I  note Rudie’s emphasis on not competing with commercial interests and wonder  about the situation with the Canadian plants which are funded both by federal and provincial government and commercial enterprises (Canada + Québec + Domtar = CelluForce and Canada +  Alberta+Alberta-Pacific Forest Industries, Inc. = plant production in Alberta).  In any event, I’m hoping the Canadian plants are going to be making their NCC accessible for Canadian innovators, inventors, and entrepreneurs, as well as, the research community. After all, how else does one expect innovation to occur?

* Dec. 12, 2013 I changed ‘research’ to ‘efforts’ and changed ‘was’ to ‘were’.

Organ chips for DARPA (Defense Advanced Research Projects Agency)

The Wyss Institute will receive up to  $37M US for a project that integrates ten different organ-on-a-chip projects into one system. From the July 24, 2012 news release on EurekAlert,

With this new DARPA funding, Institute researchers and a multidisciplinary team of collaborators seek to build 10 different human organs-on-chips, to link them together to more closely mimic whole body physiology, and to engineer an automated instrument that will control fluid flow and cell viability while permitting real-time analysis of complex biochemical functions. As an accurate alternative to traditional animal testing models that often fail to predict human responses, this instrumented “human-on-a-chip” will be used to rapidly assess responses to new drug candidates, providing critical information on their safety and efficacy.

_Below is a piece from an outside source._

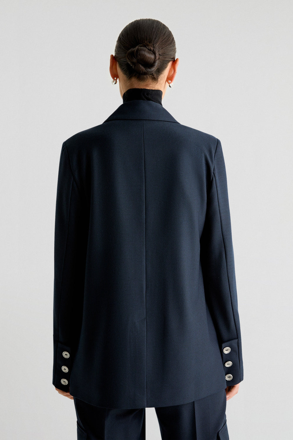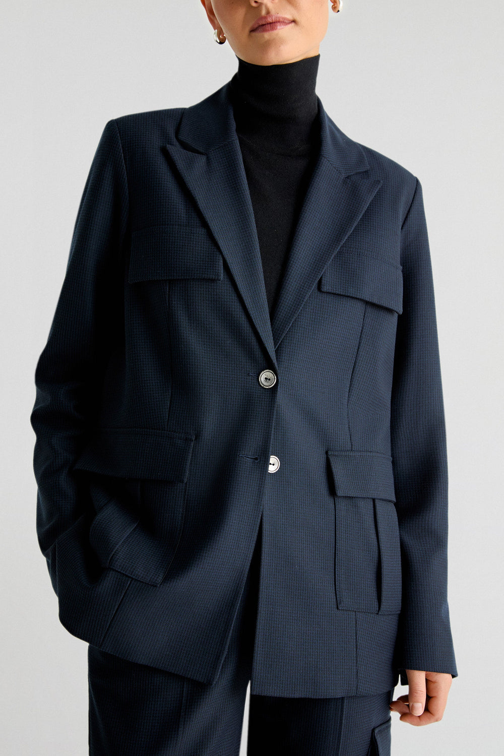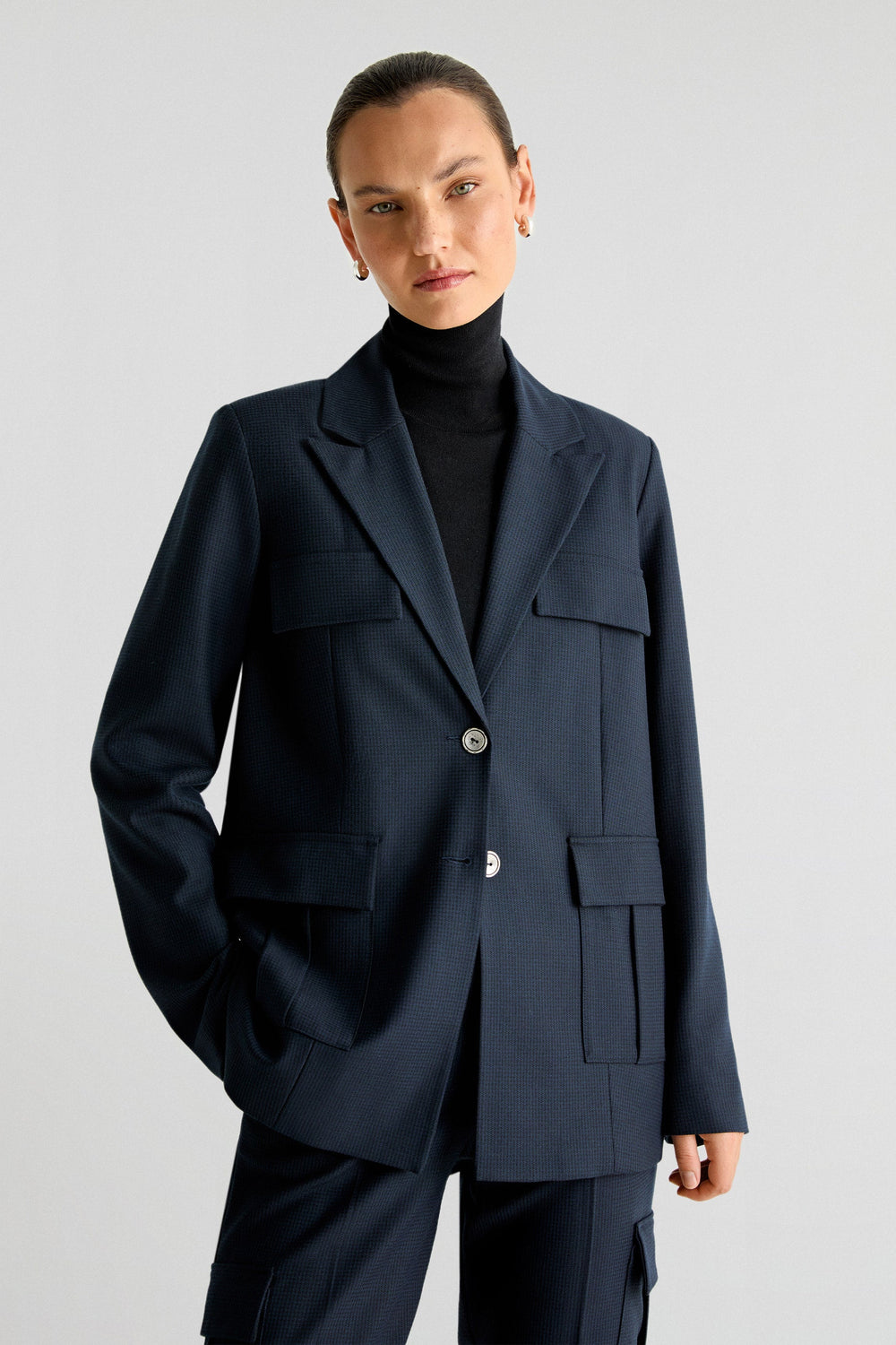 Blazer confeccionada en tejido fluido. Regular fit, cierre con botones y cuello con solapas. Manga larga terminada en botones y bolsillos de parche. Abertura trasera.

This unique platform could help ensure that safe and effective therapeutics are identified sooner, and ineffective or toxic ones are rejected early in the development process. As a result, the quality and quantity of new drugs moving successfully through the pipeline and into the clinic may be increased, regulatory decision-making could be better informed, and patient outcomes could be improved.

Jesse Goodman, FDA Chief Scientist and Deputy Commissioner for Science and Public Health, commented that the automated human-on-chip instrument being developed “has the potential to be a better model for determining human adverse responses. FDA looks forward to working with the Wyss Institute in its development of this model that may ultimately be used in therapeutic development.”

Wyss Founding Director, Donald Ingber, M.D., Ph.D., and Wyss Core Faculty member, Kevin Kit Parker, Ph.D., will co-lead this five-year project.

I note that Kevin Kit Parker was mentioned in an earlier posting today (July 26, 2012) titled, Medusa, jellyfish, and tissue engineering, and Donald Ingber in my Dec.1e, 2011 posting about Shrilk and insect skeletons.

As for the Wyss Institute, here’s a description from the news release,

The Wyss Institute for Biologically Inspired Engineering at Harvard University ( uses Nature’s design principles to develop bioinspired materials and devices that will transform medicine and create a more sustainable world. Working as an alliance among Harvard’s Schools of Medicine, Engineering, and Arts & Sciences, and in partnership with Beth Israel Deaconess Medical Center, Boston Children’s Hospital, Brigham and Women’s Hospital, , Dana Farber Cancer Institute, Massachusetts General Hospital, the University of Massachusetts Medical School, Spaulding Rehabilitation Hospital, Tufts University, and Boston University, the Institute crosses disciplinary and institutional barriers to engage in high-risk research that leads to transformative technological breakthroughs. By emulating Nature’s principles for self-organizing and self-regulating, Wyss researchers are developing innovative new engineering solutions for healthcare, energy, architecture, robotics, and manufacturing. These technologies are translated into commercial products and therapies through collaborations with clinical investigators, corporate alliances, and new start-ups.

I hadn’t thought of an organ-on-a-chip as particularly bioinspired so I’ll have to think about that one for a while.